A Little Raskin: Gelt by Association

Seattle Jews work for more ethical Hanukkah candy.

The chocolate coins that Jewish parents give their children on Hanukkah can be big or small, and wrapped in silver or gold foil. But almost all gelt is made from chocolate grown by child slaves, Seattle abolitionists say.

According to Robert Breiser, Repair the World director at the University of Washington Hillel, half of the world’s chocolate comes from West Africa, where forced child labor remains a plank in many cocoa plantations’ business plans. The U.S. State Department estimates 100,000 children pick cacao in the Ivory Coast, and 10 percent of them may be enslaved. “I’ve met some of the folks who’ve been enslaved in the chocolate industry, and some of the things they describe are the worst things you can imagine in the world,” Breiser says. “They work 14 to 16 hours a day. They’re made to sleep in the fields, where there are pesticides and dangerous animals. In some cases, the kids are pretty regularly raped.”

Since chocolate manufacturers such as Hershey’s mix cacao from around the world, it’s nearly impossible for fans of conventional chocolate to avoid supporting the child-enslavement system. Yet major chocolate companies have thus far resisted calls for reform, repeatedly denying knowledge of abuses and delaying the creation of a certification system for cocoa plantations.
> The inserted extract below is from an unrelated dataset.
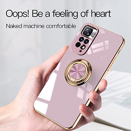 ATISIJIE Cover per Xiaomi Redmi Note 11 4G / Redmi Note 11S 4G Custodia con 2 Pellicola Protettiva in Vetro Temperato,360° Girevole Supporto Magnetico per Auto,Ultrasottile da Donna Guscio Rosa chiaro

One of the few successful ethical chocolate-awareness campaigns was staged in Australia, where a children’s boycott of slave-made chocolate persuaded Cadbury to begin producing fair-trade treats.

Closer to home, the human-rights organization Global Exchange is sponsoring its fifth annual Reverse Trick-or-Treating program, in which participants are asked to swap fair-trade chocolate for the Tootsie Rolls, Reese’s peanut butter cups, and other questionable candies they’re offered on Halloween. And in Seattle, a group of Jewish activists are hoping to incubate a national movement promoting fair-trade Hanukkah gelt.

Currently, only two companies— California’s Sweet Earth Organic Chocolates and Divine Chocolate, based in London—produce fair-trade Hanukkah gelt, but Breiser says they can’t keep up with demand. Members of The Kavana Cooperative and the University of Washington Hillel are now trying to persuade Theo Chocolate to join the ranks of fair-trade gelt makers. If more fair-trade gelt was available, Breiser says, more Jews could celebrate the holiday without propping up child exploitation. But with Hanukkah less than two months away, Theo hasn’t made any gelt-related commitments. A spokesperson for the company did not return multiple attempts to obtain a comment.